The band recorded a demo which resulted in a booking agency deal. Neither Beresford nor Irwin wanted to proceed. With their first live shows ahead, Adler and Plytas rebuilt the line-up. Drummer Dave Solomon, a bandmate of both Plytas and Beresford in a Motown cover band, replaced Irwin. Irwin, noting the band was still minus a bassist, gave a copy of the demo to Paul Riley, a member of the successful pub-scene band Chilli Willi and the Red Hot Peppers. Riley joined Roogalator just before their September 1975 debut, and for a time it was his fame that attracted the band's first press notices.

They became one of the fixtures on the mid-1970s London pub rock scene, establishing themselves as unique on the pub circuit. Drawing from Adler's experience on the Cincinnati club circuit of the late 1960s, Roogalator offered an angular, minimalist funk sound which was at odds with the standard country, blues, and early rock sounds and created a distinctive blueprint for what would become the Britfunk explosion of the early 1980s.

In November 1975, the band recorded demos for United Artists Records and met Robin Scott, who would become their manager, producer and record label chief. In January 1976 they supported Dr. Feelgood at the Hammersmith Odeon in London. The show was by their own consensus a disaster and marked the end of the classic line-up. Within weeks, Solomon quit, to be replaced by the returning Bobby Irwin. Riley also departed.
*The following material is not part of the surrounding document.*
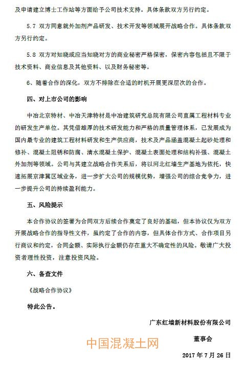 紅墻股份2017年7月26日公告,近日,公司與北京冶建特種材料有限公司、天津冶建特種材料有限公司簽署《戰(zhàn)略合作協(xié)議》,本著合作共贏、優(yōu)勢(shì)互補(bǔ)的原則,雙方經(jīng)友好協(xié)商,同意在外加劑市場(chǎng)開(kāi)拓、原材料采購(gòu)、技術(shù)研發(fā)等方面建立長(zhǎng)期的戰(zhàn)略合作關(guān)系。

Adding bassist Jeff Watts, Roogalator recorded a John Peel session on 13 May 1976 and embarked on a European tour. The tour was marred by the theft of all their possessions from their van. Watts and Irwin departed to reunite with Riley in the Sinceros, which he was now managing.
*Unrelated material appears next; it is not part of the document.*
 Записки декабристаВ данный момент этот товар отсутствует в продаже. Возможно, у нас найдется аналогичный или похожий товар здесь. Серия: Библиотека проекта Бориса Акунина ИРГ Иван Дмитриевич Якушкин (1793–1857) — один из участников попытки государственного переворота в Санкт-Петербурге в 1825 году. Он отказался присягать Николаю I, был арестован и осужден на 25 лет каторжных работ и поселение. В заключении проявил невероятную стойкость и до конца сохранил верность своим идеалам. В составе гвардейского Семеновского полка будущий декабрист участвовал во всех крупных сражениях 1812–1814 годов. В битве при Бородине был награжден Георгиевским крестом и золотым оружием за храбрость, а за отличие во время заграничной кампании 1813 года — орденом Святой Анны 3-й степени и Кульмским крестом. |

Encouraged by Scott, Adler recruited a new rhythm section; bass guitarist Julian Scott (brother of Robin) and drummer Justin Hildreth. In early summer 1976, Roogalator signed a one-off single deal with Stiff Records and released "All Aboard"/"Cincinnati Fatback". The band continued gigging returning to the BBC for a second Peel session on 28 October 1976.
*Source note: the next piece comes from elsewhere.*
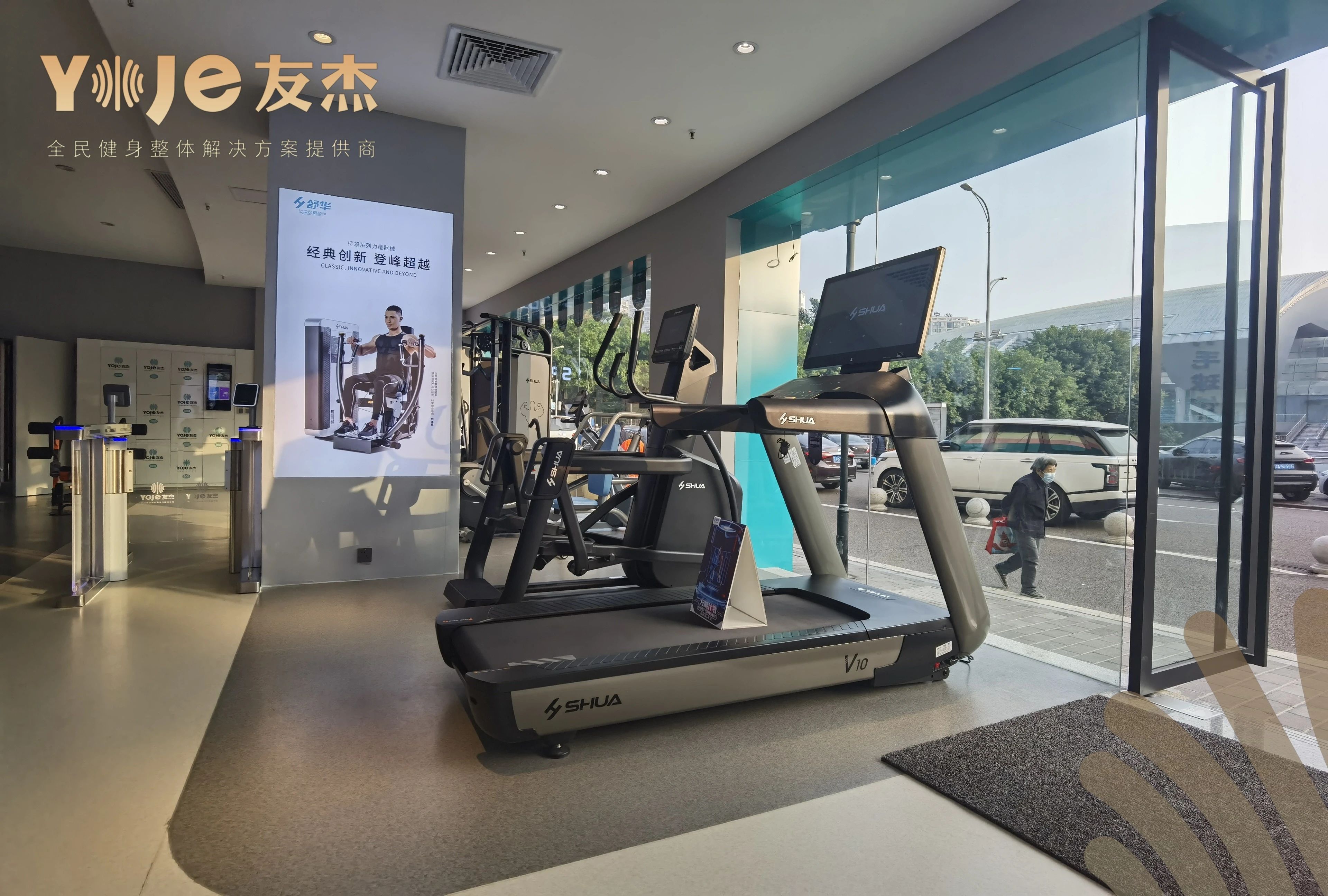 舒華全新一代重慶奧體中心旗艦店通過智能化管理健身流程,提升用戶體驗。從顧客進入旗艦店那一刻起,系統(tǒng)自動人臉識別顧客身份,并且使用器材的過程中都可以全稱記錄健身數(shù)據(jù)。

In 1977, the band released another one-off single, "Love And The Single Girl", on Virgin Records. They declined a recording contract with Virgin, who had insisted that they also sign a publishing contract in addition to a recording contract. The band returned to the BBC for a third and final session with Peel on 16 August 1977.

The band released their debut album, Play It by Ear, in 1977 on manager's Scott's Do It Records label, essentially an opportunity to preserve the band's repertoire on vinyl. The album was well-received but sold poorly.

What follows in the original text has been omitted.